La fin des conflits en Europe a laissé un territoire meurtri, des nations dévastées, des frontières a redessiner. Que de chemin parcouru par cette Europe, hier coupée en deux blocs ennemis et aujourd’hui dans une Union qui se construit chaque jour. Soixante ans plus tard, ces cérémonies rendent aussi hommage à nos vétérans et je ne peux m’empêcher de songer que si la désaffection des Français pour la question européenne est aussi forte, c’est peut-être que la mémoire des déchirements de notre continent, de ses victimes, disparait peu à peu.
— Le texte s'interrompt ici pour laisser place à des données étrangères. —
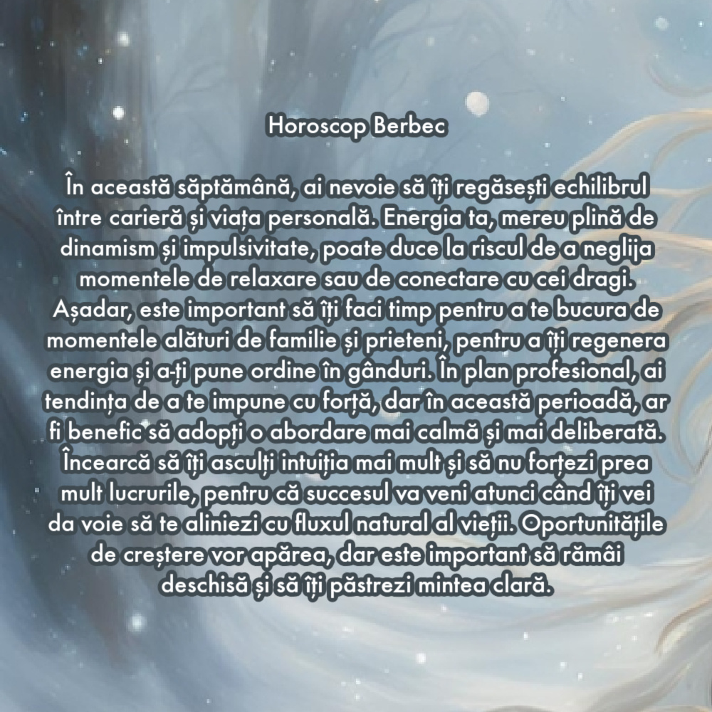 În această săptămână, ai nevoie să îți regăsești echilibrul între carieră și viața personală. Energia ta, mereu plină de dinamism și impulsivitate, poate duce la riscul de a neglija momentele de relaxare sau de conectare cu cei dragi. Așadar, este important să îți faci timp pentru a te bucura de momentele alături de familie și prieteni, pentru a îți regenera energia și a-ți pune ordine în gânduri. În plan profesional, ai tendința de a te impune cu forță, dar în această perioadă, ar fi benefic să adopți o abordare mai calmă și mai deliberată. Încearcă să îți asculți intuiția mai mult și să nu forțezi prea mult lucrurile, pentru că succesul va veni atunci când îți vei da voie să te aliniezi cu fluxul natural al vieții. Oportunitățile de creștere vor apărea, dar este important să rămâi deschisă și să îți păstrezi mintea clară.

Comment ne pas songer au 8 mai 1945 quand la guerre civile menace l’Ukraine, quand les armes de l’Otan manœuvrent sur les mers ou les airs et qu’un bras de fer s’engage entre la Russie et les alliés occidentaux ?
La paix est le bien le plus précieux que nous apporte l’Union Européenne, et c’est cette paix que nous devons préserver, coûte que coûte. Le traité de Rome faisait la promesse d’une Europe de prospérité, et malgré les difficultés actuelles, nos nations se sont reconstruites dans la paix et la solidarité.
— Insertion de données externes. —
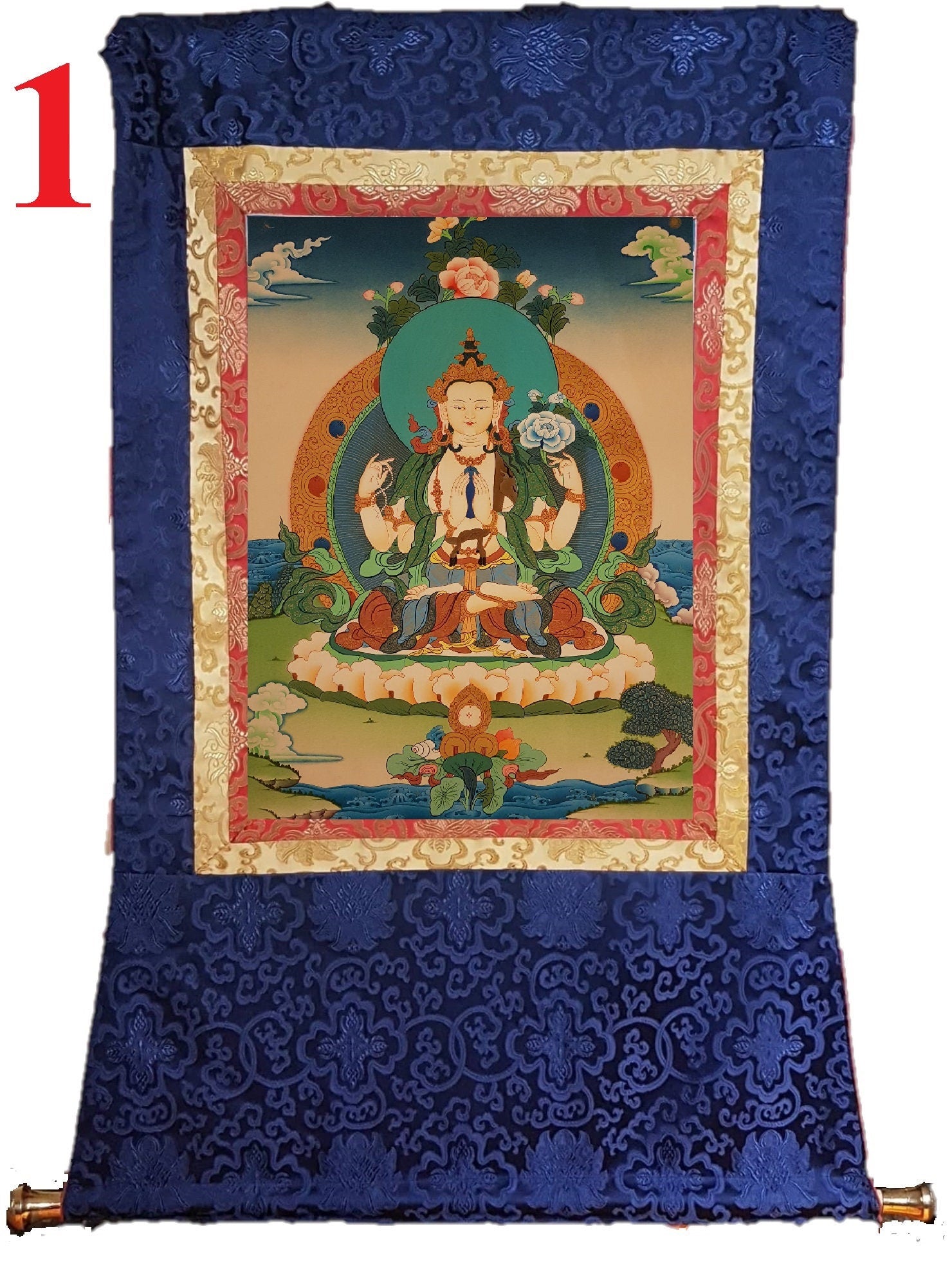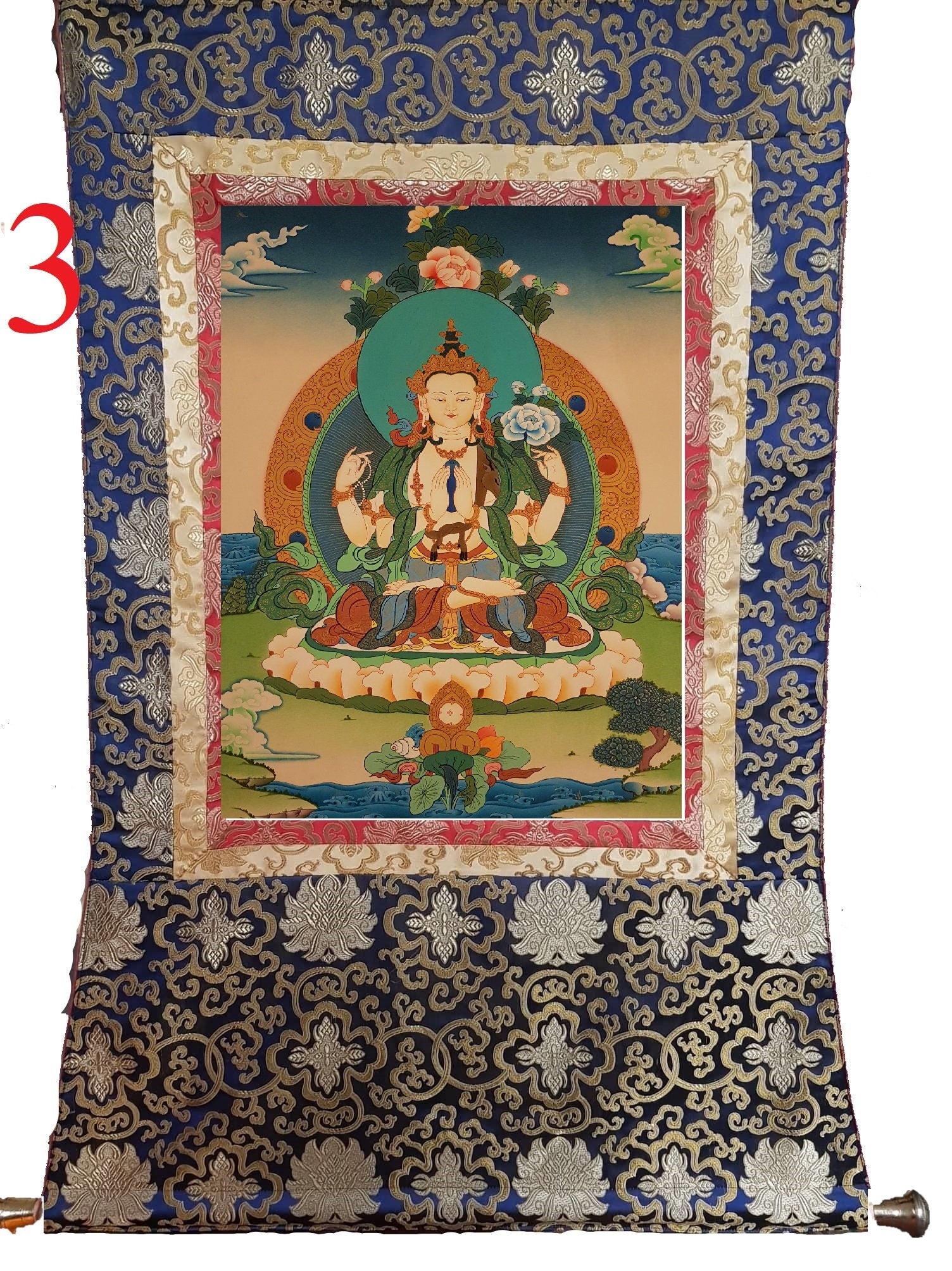 42. Chenrezig Thangka (Thanka). Free Brocade / Free Shipping.

Certes, l’orientation politique de l’Europe, libérale et marchande, est conforme à l’esprit de cette Europe commerçante de la renaissance, dans laquelle, malgré les conflits qui ont fait son histoire, une conscience de communauté s’est fait jour. Bien sûr, c’est sur des principes d’échanges commerciaux qu’est apparue cette Union.

Néanmoins, quand le dogme de la libre entreprise édicté à Bruxelles compromet des emplois, et j’ai à l’esprit de manière constante le dossier de la SNCM, (j’évoquais mardi cette question avec Samia Ghalli et J.C. Gaudin, qui partageaient mon inquiétude) cela signifie qu’il faut réorienter l’Europe vers des préoccupations plus sociales. C’est tout l’enjeu de la participation aux futures élections.

Nous pouvons construire l’Europe sociale, à condition d’utiliser notre bulletin de vote.